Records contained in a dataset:

——

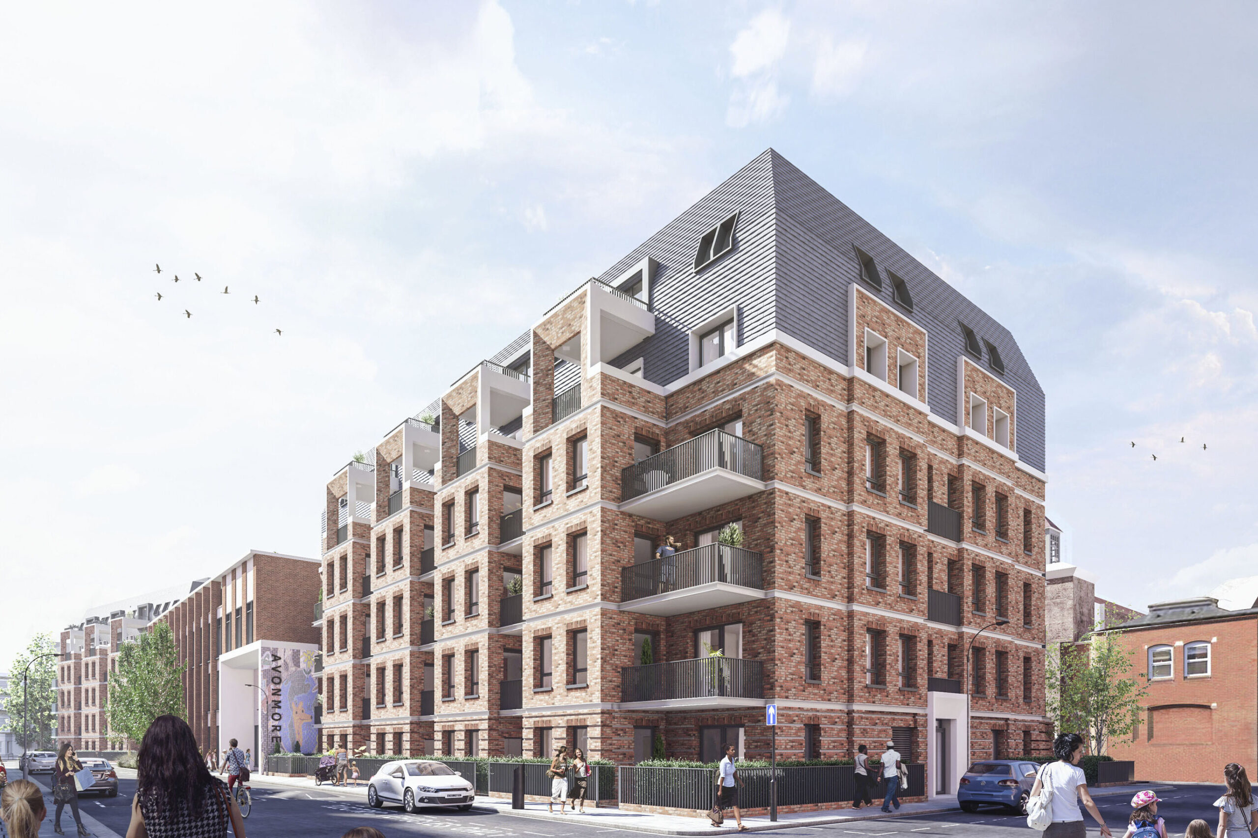 BPTW’s site layout positioned the school centrally and the new homes flanking the school on both sides to maintain a sense of community with neighbouring apartment buildings. The school and two residential buildings range in height from three to six storeys to respond to the scale and proportion of the surrounding streets and dense urban environment. The efficient site arrangement accommodates 240 school pupils whilst providing ample space for a school playground. The local vernacular of mansion blocks helped inform the proposed design, inspiring the façades and brick-led material palette.
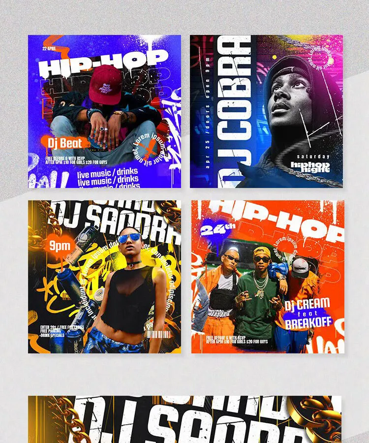 4 Graffiti Hip Hop Party Flyer / Instagram Post Templates
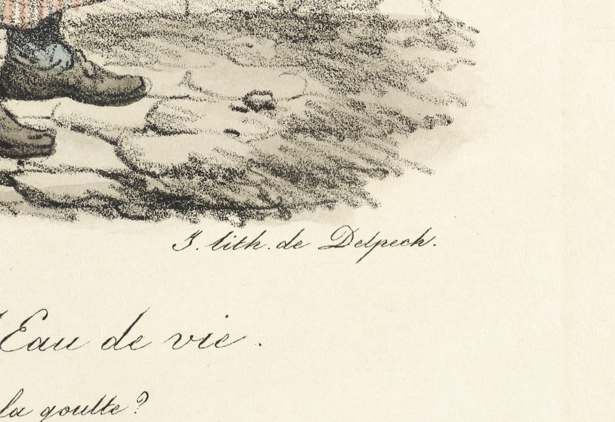 Rechts unten signiert: ″I. lith. de Delpech.″ Unterhalb der Darstellung französisch betitelt. – Blatt Nr.: 83 aus der Folge ″Rufe von Pariser Straßenhändlern″ – Blatt mit schwachem Lichtrand und kleinerem Einriss im linken Rand. Guter Zustand.
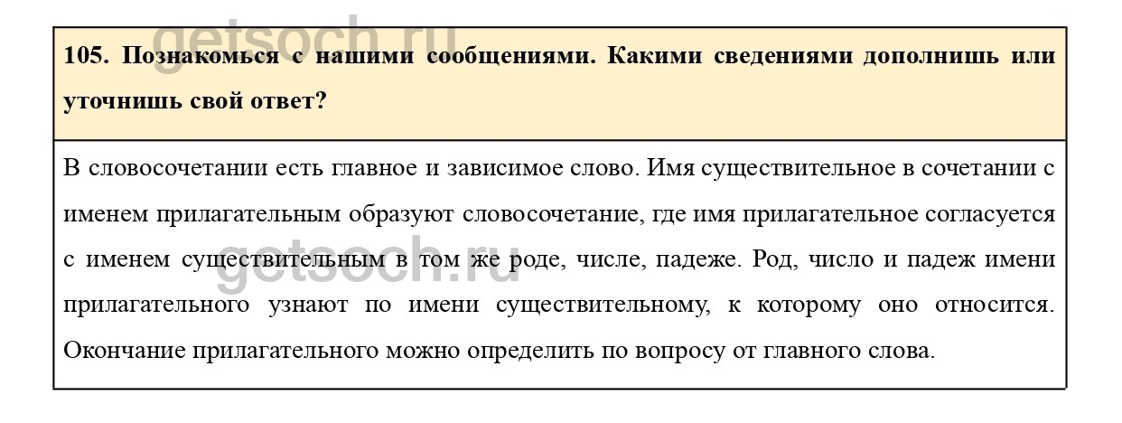 Рассмотрим ответы на Упражнение 105 из учебника по русскому языку для 4 класса Соловейчика
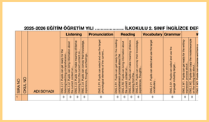 2. Sınıf İngilizce derslerinde minik öğrencilerimizin gelişimini takip etmek artık çok daha kolay ve sistemli! ilkokulingilizce.com olarak, yeni müfredat kazanımlarıyla birebir uyumlu, iş yükünüzü hafifletecek harika bir değerlendirme çizelgesi hazırladık.
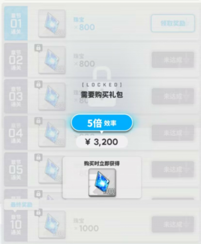 3200档 战役礼包:10000钻 通行证:25张抽卡卷+50橙水晶+皮肤
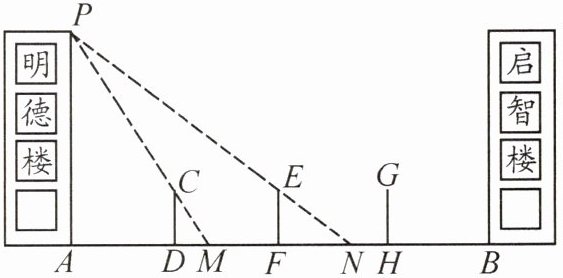 14. (2025·锦江)如图,在某学校的明德楼和启智楼之间有一条文化长廊AB,文化长廊上伫立着三座名人塑像CD,EF,GH,点A,D,F,H,B在同一直线上,且AD= DF= FH= HB.在明德楼的楼顶有一照明灯P,塑像CD的影子为DM,塑像EF的影子为FN.该校“探数学”兴趣小组的同学测得文化长廊AB= 24米,塑像高CD= EF= GH= 3米,塑像CD的影长DM= 2米.
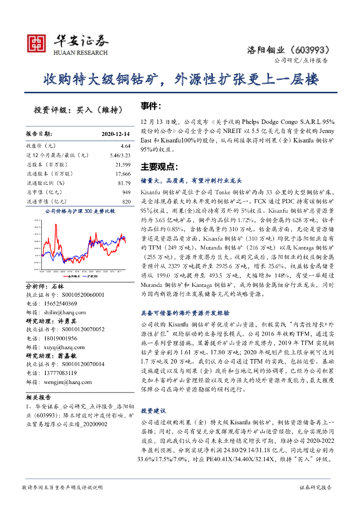 华安证券:洛阳钼业(603993)-收购特大级铜钴矿,外源性扩张更上一层楼.pdf
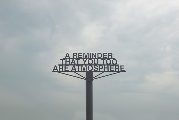 1. The image depicts a metal sign with the words “A reminder that you too are atmosphere” displayed in front of a grey and cloudy sky.
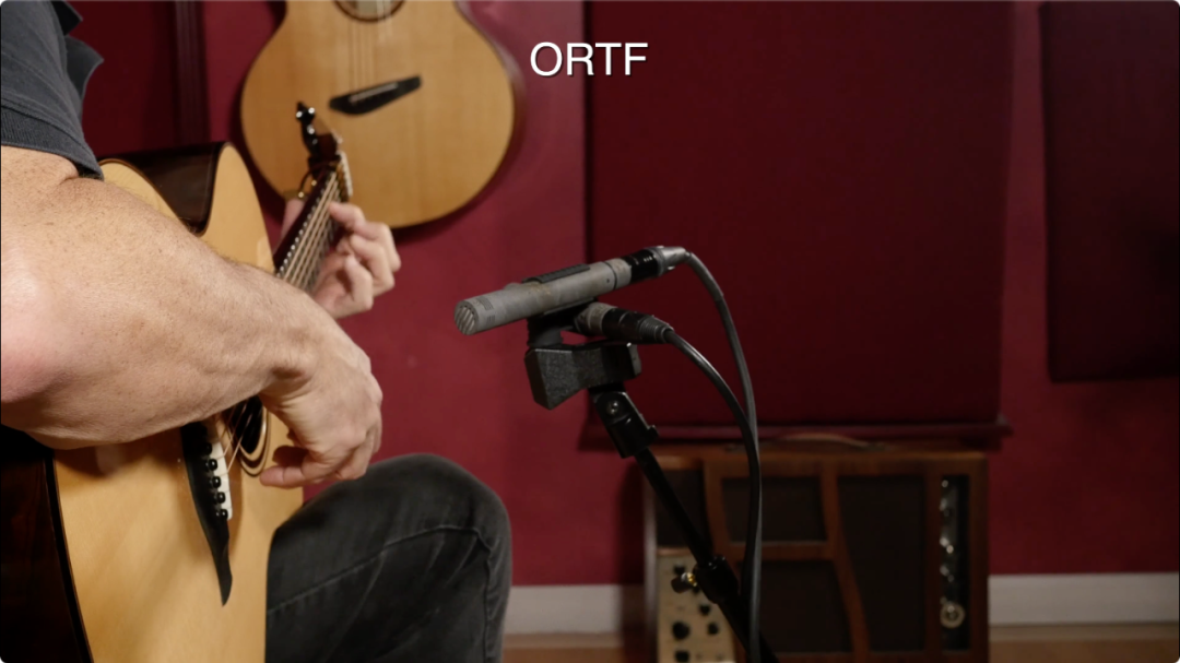 视频中所采用的,是在木吉他立体声录音中很常见的XY式话筒摆位!
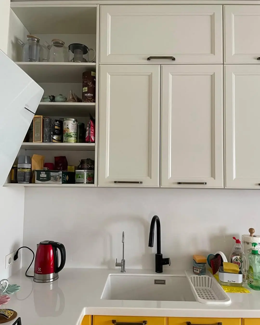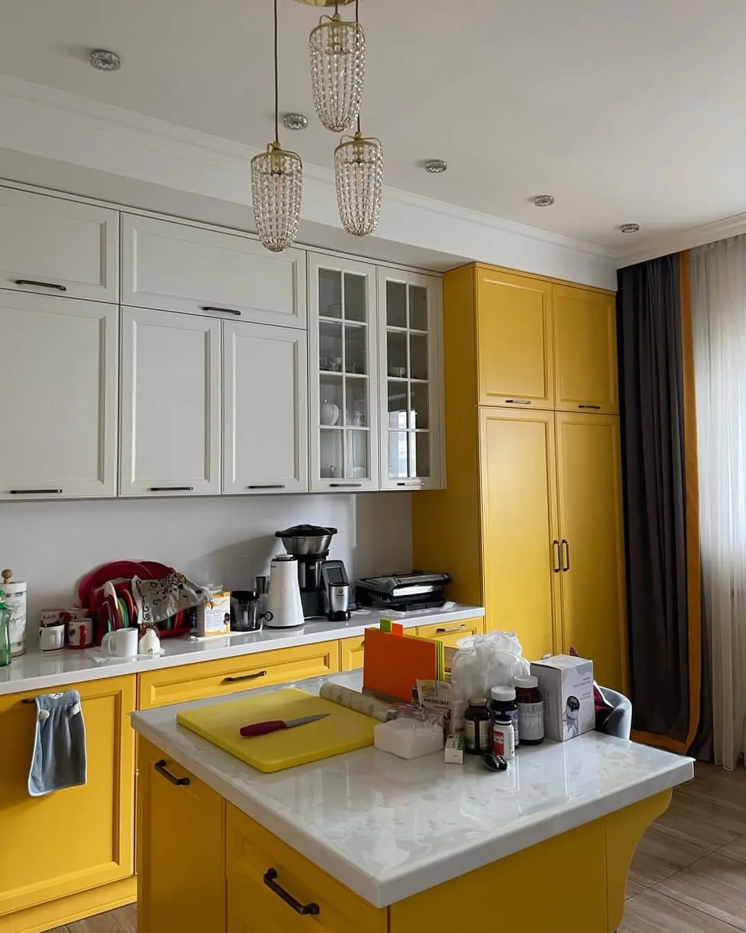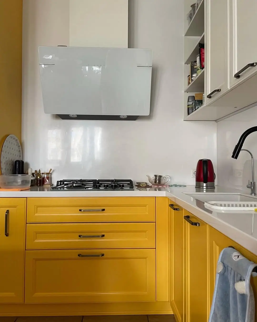 Угловая кухня в современном стиле с классическими элементами, где нижние шкафы в ярком жёлтом цвете из МДФ с эмалью контрастируют с белыми верхними шкафами с филенками и стеклянными дверцами. Белая столешница из кварца дополнена газовой плитой, белой вытяжкой и раковиной, создавая практичное пространство для готовки. Хрустальная люстра добавляет элегантности, а открытые полки с посудой и аксессуарами усиливают уют. Идеально для компактных помещений, сочетает яркий акцент с функциональностью и лёгкостью ухода.
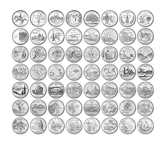 1999-2009 Cuarto de dólar 50 estado en capas de oro Set en Collectors Wood Box

——

- _Exercise goal_
Transcribe all data precisely. Pictures are not copied.

- _Result_
 BPTW’s site layout positioned the school centrally and the new homes flanking the school on both sides to maintain a sense of community with neighbouring apartment buildings. The school and two residential buildings range in height from three to six storeys to respond to the scale and proportion of the surrounding streets and dense urban environment. The efficient site arrangement accommodates 240 school pupils whilst providing ample space for a school playground. The local vernacular of mansion blocks helped inform the proposed design, inspiring the façades and brick-led material palette.
 4 Graffiti Hip Hop Party Flyer / Instagram Post Templates
 Rechts unten signiert: ″I. lith. de Delpech.″ Unterhalb der Darstellung französisch betitelt. – Blatt Nr.: 83 aus der Folge ″Rufe von Pariser Straßenhändlern″ – Blatt mit schwachem Lichtrand und kleinerem Einriss im linken Rand. Guter Zustand.
 Рассмотрим ответы на Упражнение 105 из учебника по русскому языку для 4 класса Соловейчика
 2. Sınıf İngilizce derslerinde minik öğrencilerimizin gelişimini takip etmek artık çok daha kolay ve sistemli! ilkokulingilizce.com olarak, yeni müfredat kazanımlarıyla birebir uyumlu, iş yükünüzü hafifletecek harika bir değerlendirme çizelgesi hazırladık.
 3200档 战役礼包:10000钻 通行证:25张抽卡卷+50橙水晶+皮肤
 14. (2025·锦江)如图,在某学校的明德楼和启智楼之间有一条文化长廊AB,文化长廊上伫立着三座名人塑像CD,EF,GH,点A,D,F,H,B在同一直线上,且AD= DF= FH= HB.在明德楼的楼顶有一照明灯P,塑像CD的影子为DM,塑像EF的影子为FN.该校“探数学”兴趣小组的同学测得文化长廊AB= 24米,塑像高CD= EF= GH= 3米,塑像CD的影长DM= 2米.
 华安证券:洛阳钼业(603993)-收购特大级铜钴矿,外源性扩张更上一层楼.pdf
 1. The image depicts a metal sign with the words “A reminder that you too are atmosphere” displayed in front of a grey and cloudy sky.
 视频中所采用的,是在木吉他立体声录音中很常见的XY式话筒摆位!
 Угловая кухня в современном стиле с классическими элементами, где нижние шкафы в ярком жёлтом цвете из МДФ с эмалью контрастируют с белыми верхними шкафами с филенками и стеклянными дверцами. Белая столешница из кварца дополнена газовой плитой, белой вытяжкой и раковиной, создавая практичное пространство для готовки. Хрустальная люстра добавляет элегантности, а открытые полки с посудой и аксессуарами усиливают уют. Идеально для компактных помещений, сочетает яркий акцент с функциональностью и лёгкостью ухода.
 1999-2009 Cuarto de dólar 50 estado en capas de oro Set en Collectors Wood Box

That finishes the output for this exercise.